• EXERCISE
Without including any picture, return the complete set of records exactly.

───

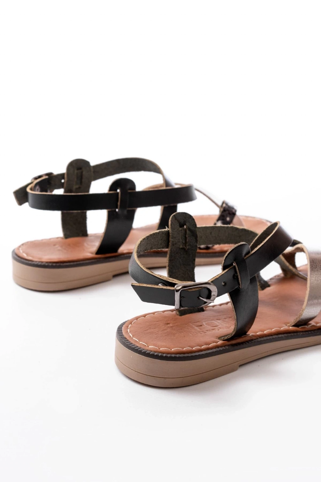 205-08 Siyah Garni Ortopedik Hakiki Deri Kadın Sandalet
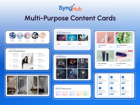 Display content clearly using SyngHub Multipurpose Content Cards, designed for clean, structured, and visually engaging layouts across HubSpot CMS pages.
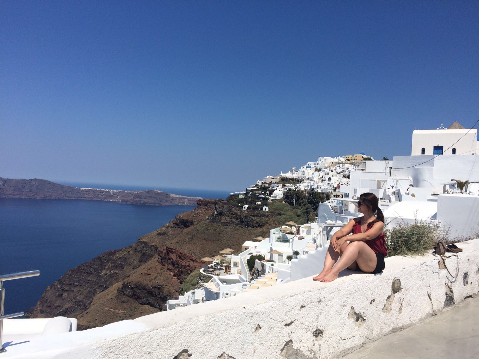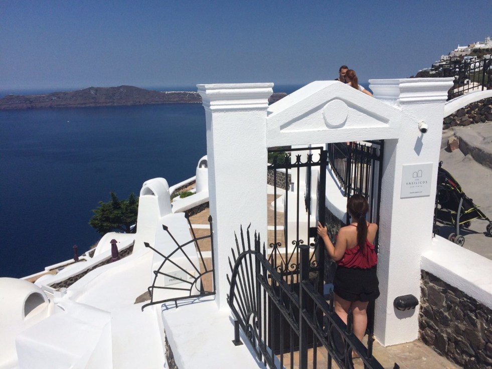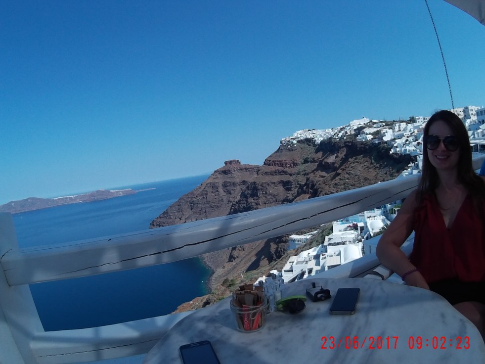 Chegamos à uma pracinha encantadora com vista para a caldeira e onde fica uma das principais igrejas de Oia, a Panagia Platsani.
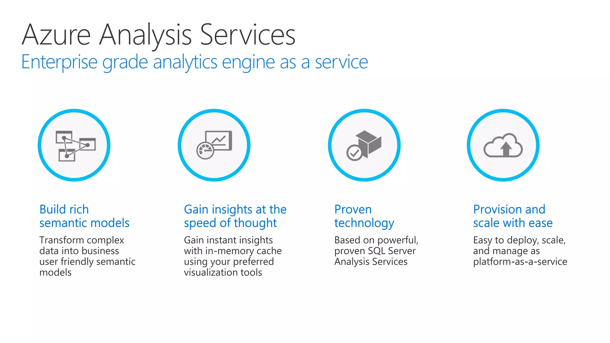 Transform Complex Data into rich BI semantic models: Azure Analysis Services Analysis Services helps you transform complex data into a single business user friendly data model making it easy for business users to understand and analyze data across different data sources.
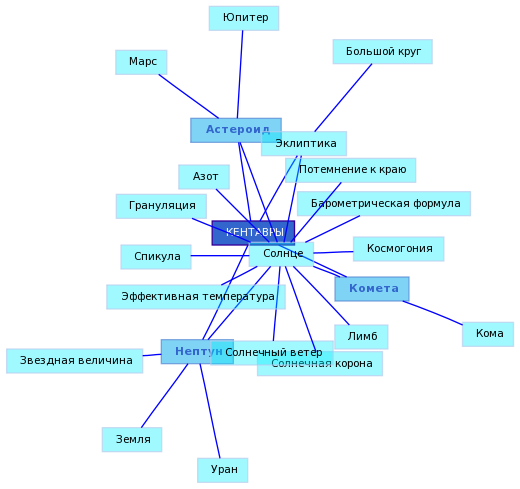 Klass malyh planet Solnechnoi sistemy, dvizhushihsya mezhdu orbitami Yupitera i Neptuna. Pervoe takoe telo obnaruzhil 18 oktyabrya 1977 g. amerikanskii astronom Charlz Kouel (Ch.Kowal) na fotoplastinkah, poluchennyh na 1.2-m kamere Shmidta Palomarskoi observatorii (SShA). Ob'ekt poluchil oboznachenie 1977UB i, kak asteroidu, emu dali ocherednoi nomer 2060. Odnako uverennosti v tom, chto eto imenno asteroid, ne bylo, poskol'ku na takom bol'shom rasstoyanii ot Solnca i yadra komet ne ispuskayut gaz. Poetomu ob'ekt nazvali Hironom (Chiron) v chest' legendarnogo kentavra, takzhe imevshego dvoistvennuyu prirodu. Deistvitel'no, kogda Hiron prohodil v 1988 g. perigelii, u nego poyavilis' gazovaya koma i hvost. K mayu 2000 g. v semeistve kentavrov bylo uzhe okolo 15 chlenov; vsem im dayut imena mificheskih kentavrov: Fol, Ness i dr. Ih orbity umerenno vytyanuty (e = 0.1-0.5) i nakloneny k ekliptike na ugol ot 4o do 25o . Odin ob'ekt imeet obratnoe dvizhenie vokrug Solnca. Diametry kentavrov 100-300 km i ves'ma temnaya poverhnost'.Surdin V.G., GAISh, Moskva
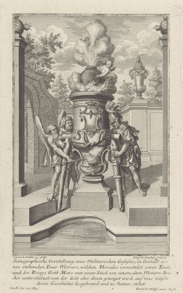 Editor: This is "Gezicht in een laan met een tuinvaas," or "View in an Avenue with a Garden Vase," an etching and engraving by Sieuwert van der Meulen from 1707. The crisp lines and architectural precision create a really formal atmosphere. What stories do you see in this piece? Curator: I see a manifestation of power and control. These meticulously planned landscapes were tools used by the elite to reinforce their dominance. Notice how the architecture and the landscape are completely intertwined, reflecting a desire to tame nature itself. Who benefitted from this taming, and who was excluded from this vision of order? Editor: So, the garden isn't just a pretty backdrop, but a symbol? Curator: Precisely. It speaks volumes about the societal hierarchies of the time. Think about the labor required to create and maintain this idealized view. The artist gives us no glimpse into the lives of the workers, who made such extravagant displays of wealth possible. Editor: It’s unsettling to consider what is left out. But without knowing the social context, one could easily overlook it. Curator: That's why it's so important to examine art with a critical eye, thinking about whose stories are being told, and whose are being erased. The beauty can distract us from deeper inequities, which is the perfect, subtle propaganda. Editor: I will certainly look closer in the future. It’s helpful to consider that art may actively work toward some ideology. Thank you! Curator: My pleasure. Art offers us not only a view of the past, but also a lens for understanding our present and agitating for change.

───

• TASK RESULT
 205-08 Siyah Garni Ortopedik Hakiki Deri Kadın Sandalet
 Display content clearly using SyngHub Multipurpose Content Cards, designed for clean, structured, and visually engaging layouts across HubSpot CMS pages.
 Chegamos à uma pracinha encantadora com vista para a caldeira e onde fica uma das principais igrejas de Oia, a Panagia Platsani.
 Transform Complex Data into rich BI semantic models: Azure Analysis Services Analysis Services helps you transform complex data into a single business user friendly data model making it easy for business users to understand and analyze data across different data sources.
 Klass malyh planet Solnechnoi sistemy, dvizhushihsya mezhdu orbitami Yupitera i Neptuna. Pervoe takoe telo obnaruzhil 18 oktyabrya 1977 g. amerikanskii astronom Charlz Kouel (Ch.Kowal) na fotoplastinkah, poluchennyh na 1.2-m kamere Shmidta Palomarskoi observatorii (SShA). Ob'ekt poluchil oboznachenie 1977UB i, kak asteroidu, emu dali ocherednoi nomer 2060. Odnako uverennosti v tom, chto eto imenno asteroid, ne bylo, poskol'ku na takom bol'shom rasstoyanii ot Solnca i yadra komet ne ispuskayut gaz. Poetomu ob'ekt nazvali Hironom (Chiron) v chest' legendarnogo kentavra, takzhe imevshego dvoistvennuyu prirodu. Deistvitel'no, kogda Hiron prohodil v 1988 g. perigelii, u nego poyavilis' gazovaya koma i hvost. K mayu 2000 g. v semeistve kentavrov bylo uzhe okolo 15 chlenov; vsem im dayut imena mificheskih kentavrov: Fol, Ness i dr. Ih orbity umerenno vytyanuty (e = 0.1-0.5) i nakloneny k ekliptike na ugol ot 4o do 25o . Odin ob'ekt imeet obratnoe dvizhenie vokrug Solnca. Diametry kentavrov 100-300 km i ves'ma temnaya poverhnost'.Surdin V.G., GAISh, Moskva
 Editor: This is "Gezicht in een laan met een tuinvaas," or "View in an Avenue with a Garden Vase," an etching and engraving by Sieuwert van der Meulen from 1707. The crisp lines and architectural precision create a really formal atmosphere. What stories do you see in this piece? Curator: I see a manifestation of power and control. These meticulously planned landscapes were tools used by the elite to reinforce their dominance. Notice how the architecture and the landscape are completely intertwined, reflecting a desire to tame nature itself. Who benefitted from this taming, and who was excluded from this vision of order? Editor: So, the garden isn't just a pretty backdrop, but a symbol? Curator: Precisely. It speaks volumes about the societal hierarchies of the time. Think about the labor required to create and maintain this idealized view. The artist gives us no glimpse into the lives of the workers, who made such extravagant displays of wealth possible. Editor: It’s unsettling to consider what is left out. But without knowing the social context, one could easily overlook it. Curator: That's why it's so important to examine art with a critical eye, thinking about whose stories are being told, and whose are being erased. The beauty can distract us from deeper inequities, which is the perfect, subtle propaganda. Editor: I will certainly look closer in the future. It’s helpful to consider that art may actively work toward some ideology. Thank you! Curator: My pleasure. Art offers us not only a view of the past, but also a lens for understanding our present and agitating for change.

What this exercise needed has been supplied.